Provided records.
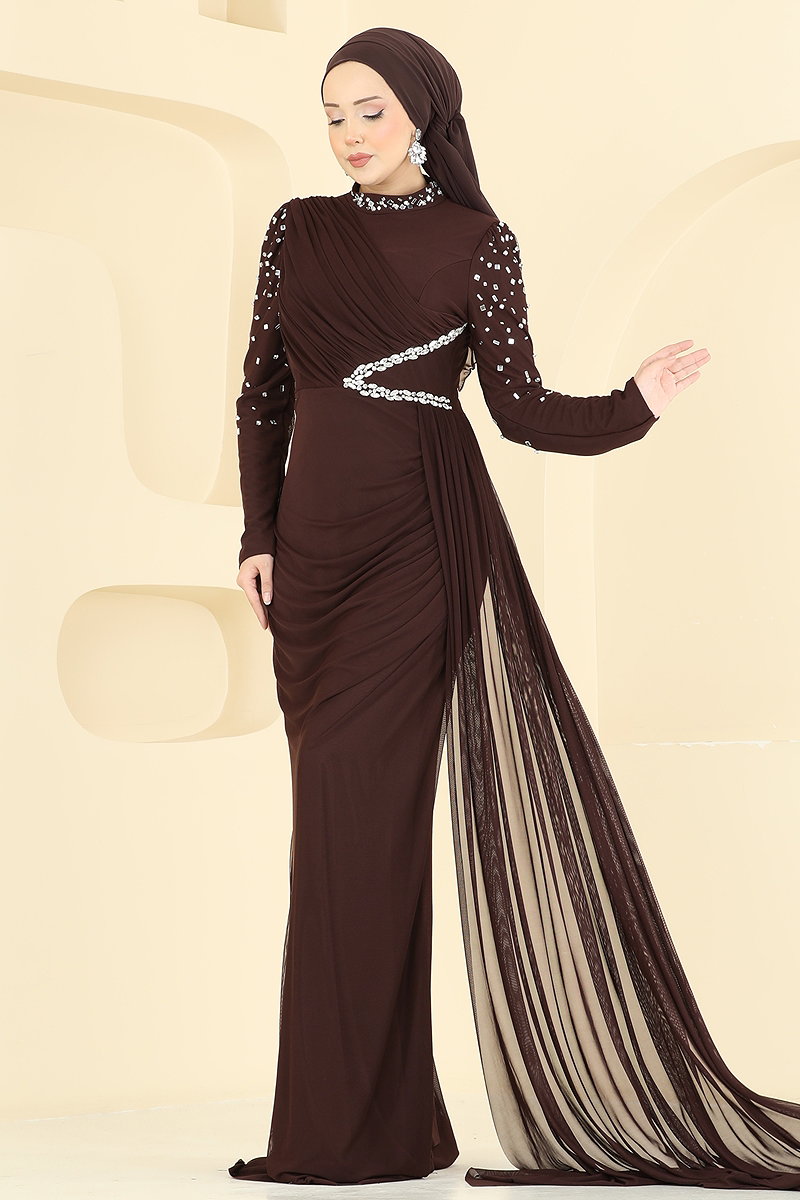 Taşlı Pelerinli Tül Abiye 5742EDF311 Kahve
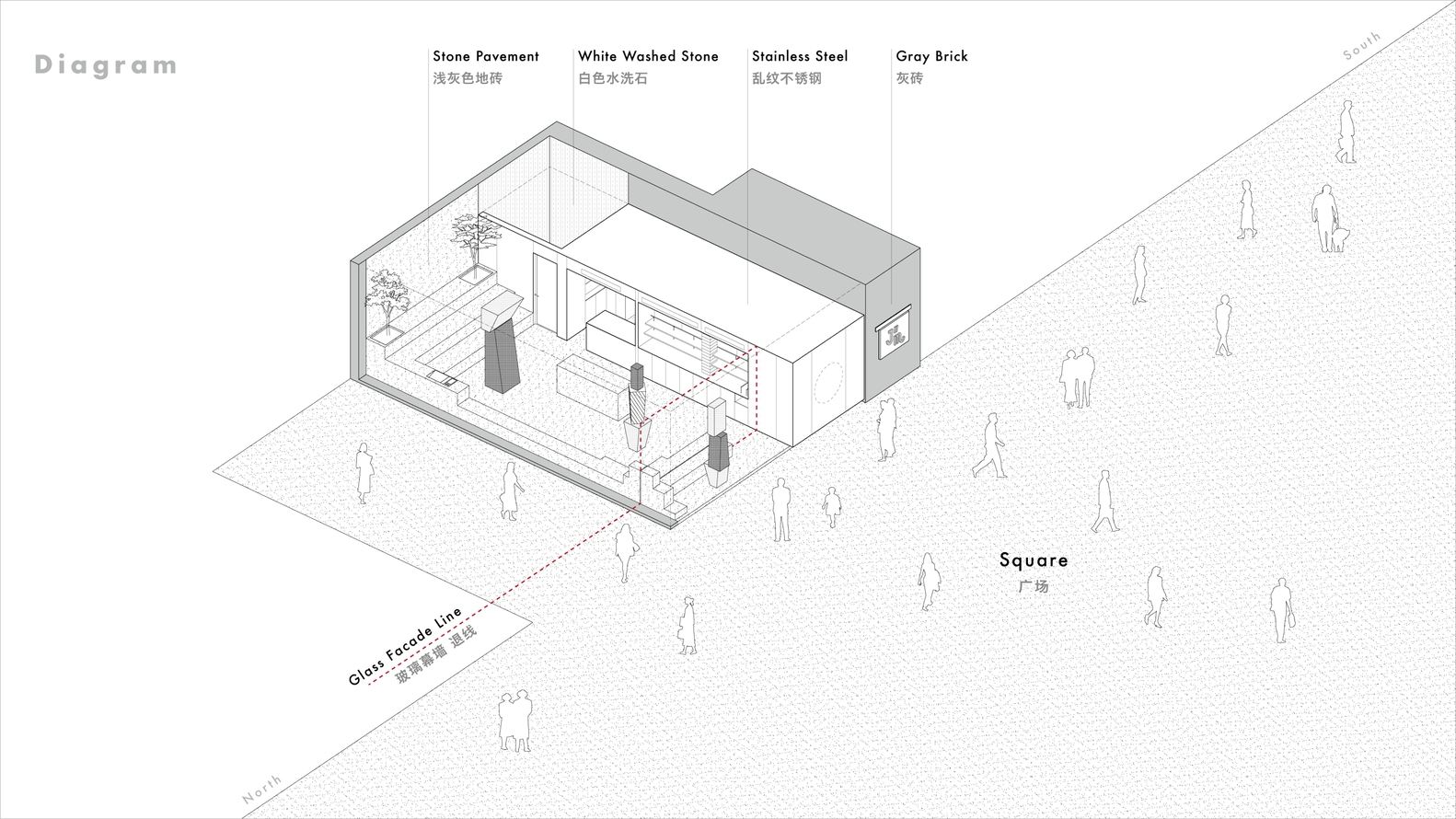 The whole space is dominated by white and grey, which echoes the colors of White Pagoda Temple, and also forms a sharp contrast with the bakery on display. The white and light grey stones extend from the outdoor ground to the deepest wall of the interior. Each stone has different textures, responding to the stainless-steel volume inserted into the square. The three original wooden structural columns in the space are designed to sculptural forms to hide their original structures. They contrast with the simple and unified ground stone and stainless-steel volume, strengthen the sense of hierarchy of space, and attract the attention of pedestrians in the square. The frosted acrylic light boxes installed on the ceiling extend from the exterior to the interior, blurring the spatial boundary, while illuminating the grey brick exterior wall and the entire interior space. The exterior walls are equipped with irregular rectangular windows, whose random forms attract the attention of pedestrians, forming a visual focus, echoing the interior sculptural columns, emphasizing the unity and the sculptural sense of the space, eventually giving the place a stronger artistic expression.
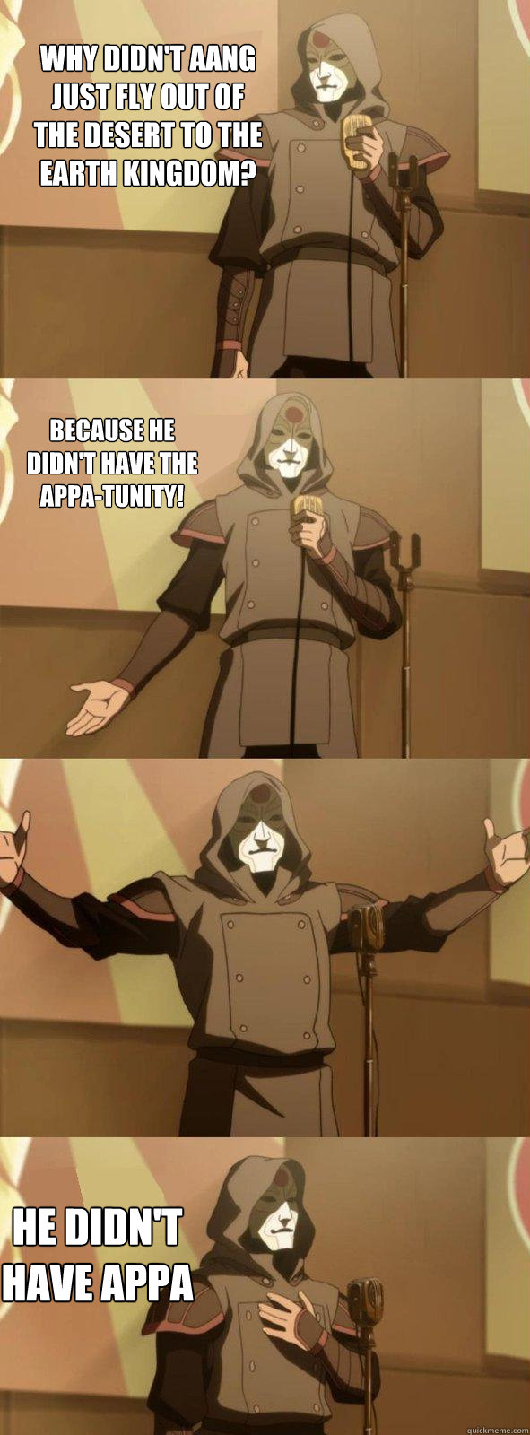 Why didn't aang just fly out of the desert to the earth kingdom? he didn't have appa Because he didn't have the appa-tunity!
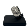 Vintage 18k white gold asymmetrical double band ring pavé set with diamonds.
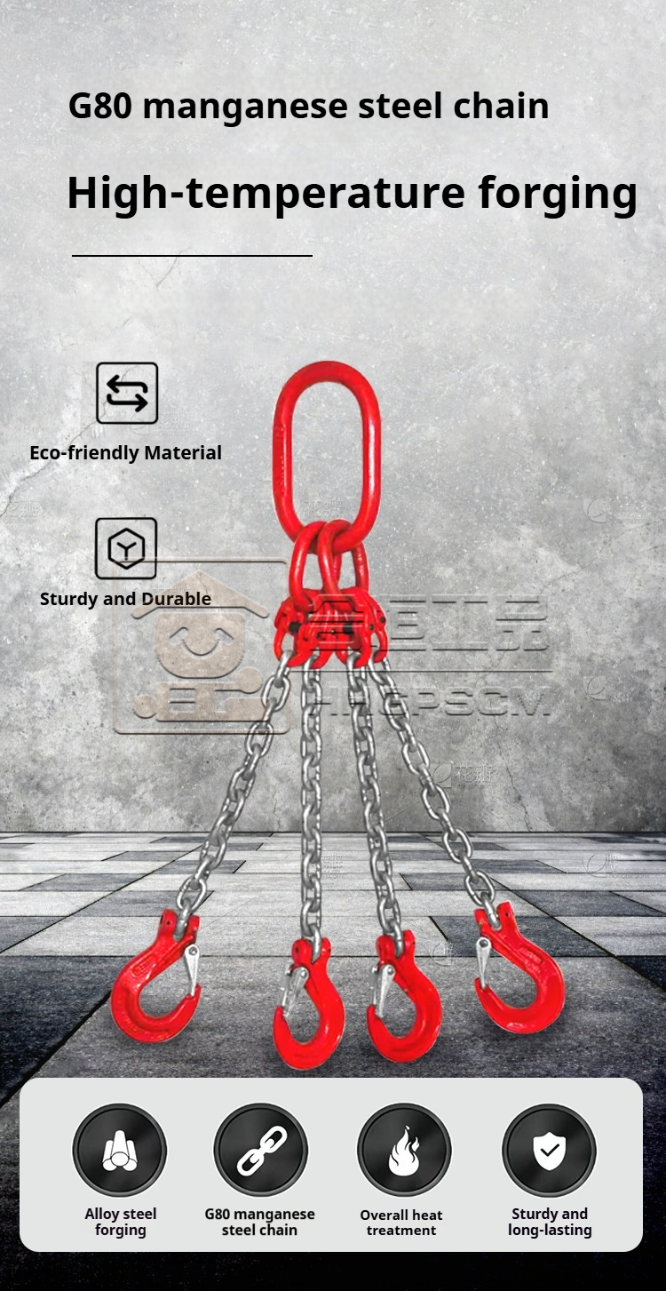 Complete sets of lifting slings, double-leg and quad-leg lifting chains, G80 chain hooks, lifting rings, and combination lifting devices—customizable in multiple specifications.
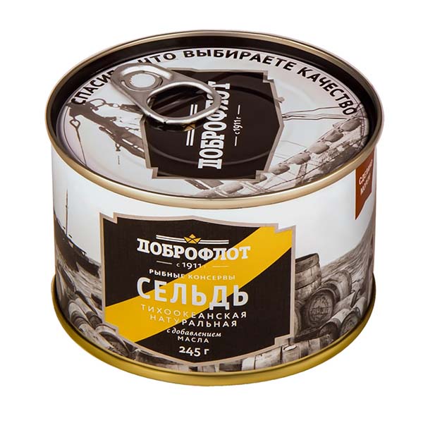 Сельдь тихоокеанская Доброфлот натуральная с добавлением масла 245 г: купить в Москве с доставкой - Apeti.ru
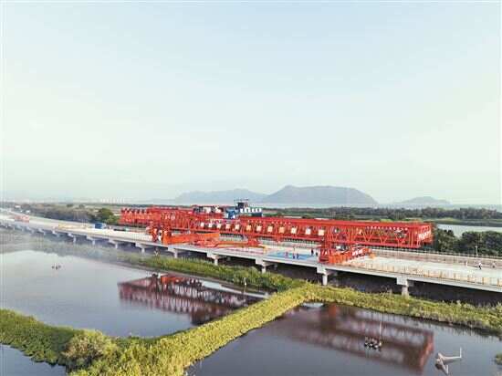 新快报讯 记者许力夫 通讯员沈高 詹桃 张力心报道 9月21日下午,随着一声令下,施工员通过信息平台操纵桩梁一体化智能造桥机,将一片长16米、重40吨的双T梁精准架设到大桥支座上。至此,深汕西高速改扩建项目梅陇特大桥最后一片预制梁板架设成功,桥梁共342跨施工顺利完成,全球首台桩梁一体化智能造桥机造出“职业生涯”中第一座桥。 桩梁一体化智能造桥机长92米,重580余吨。相比传统现浇桩基础的施工工艺,它集成了引孔、打桩、吊装盖梁、梁板以及装配施工等多功能一体化综合施工技术,能就地实现桥梁各结构件及桩基础的全部施工,实现了“搭积木”式的桥梁建设模式。不仅如此,造桥机能同时打开4个综合施工技术作业面,效率大幅提高,2.5天即可完成一跨桥梁施工,比传统施工效率提高了至少3倍以上。
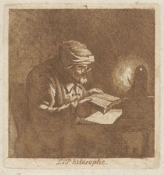 Editor: Here we have "A Scholar by Candlelight," an etching created before 1841, attributed to Joannes Bemme, currently residing in the Rijksmuseum. The way the light is hitting the scholar's face creates such a contemplative mood. What stands out to you about this piece? Curator: The strong chiaroscuro is definitely striking. We can immediately place this work within a broader history of printmaking where artists were actively engaging with and disseminating styles from other mediums like painting. Think about how printmakers throughout Europe tried to mimic painters' techniques like sfumato with etching or engraving. How might the rise of print culture and its relatively low cost, accessible to a wider public, influenced the themes artists chose to portray? Editor: So, you’re saying that printmaking democratized art by making it more affordable and accessible, which then impacted what subjects artists depicted? Like genre scenes or history painting? Curator: Precisely. Also notice how the subject of the "scholar" engaged in study gains traction throughout the seventeenth century as education and humanism took center stage. How might the function of such prints have shifted from pedagogical tools to representations of societal values? Was this print perhaps displayed to signal something about the owner’s taste or status? Editor: I hadn't considered how owning an image of a scholar might convey status. So much to think about! Thanks for sharing that historical context. Curator: And thank you for drawing my attention to how the mood is amplified by light in this etching; I will certainly ponder the distribution and societal implications around prints now.
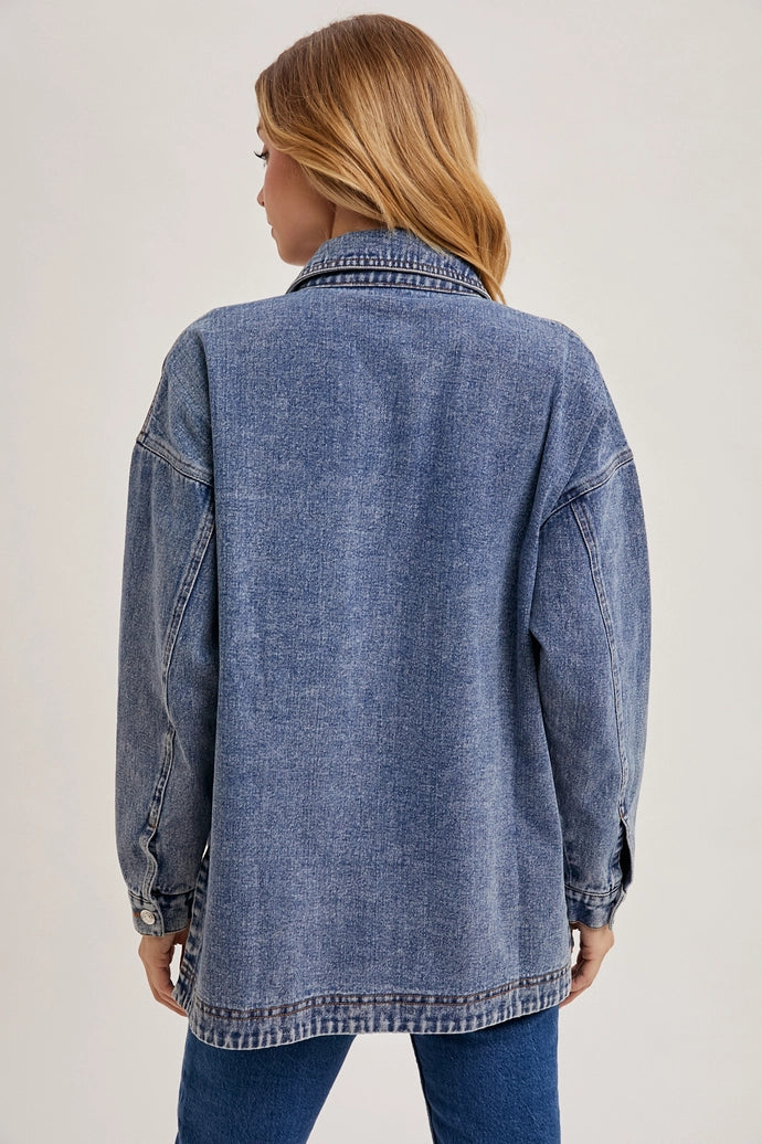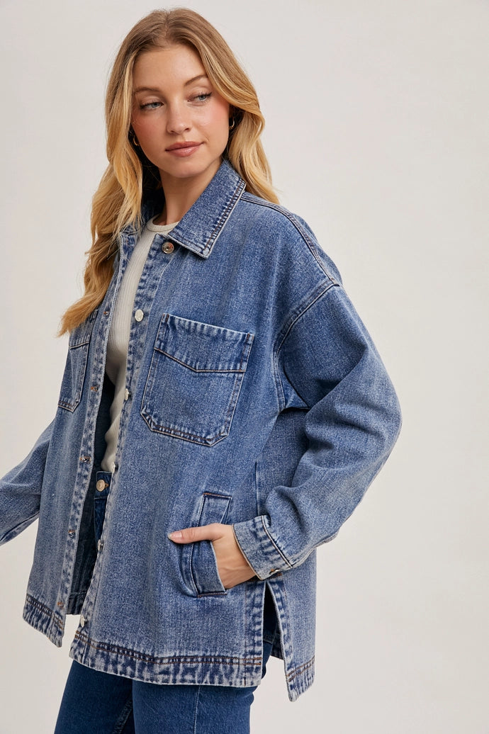Cozy up in style this season with our Denim Shirt Jacket! Ideal for layering through fall and winter, it comes equipped with convenient pockets to keep your essentials close while adding warmth. The classic button-down design brings a fun, laid-back vibe to any look, making chilly days brighter and way more comfortable. Whether layered over tees or dresses, this jacket is the playful addition your closet craves.
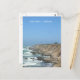 Pointe Arena, Californie carte postale montrant les vagues se brisant sur les rochers et phare à l'horizon.

What needs to be done. Begin at the line with "Cozy up in style" and retype exactly every line through the last one of the entries above, both included, and nothing more; pictures stay out.

Task result.
Cozy up in style this season with our Denim Shirt Jacket! Ideal for layering through fall and winter, it comes equipped with convenient pockets to keep your essentials close while adding warmth. The classic button-down design brings a fun, laid-back vibe to any look, making chilly days brighter and way more comfortable. Whether layered over tees or dresses, this jacket is the playful addition your closet craves.
 Pointe Arena, Californie carte postale montrant les vagues se brisant sur les rochers et phare à l'horizon.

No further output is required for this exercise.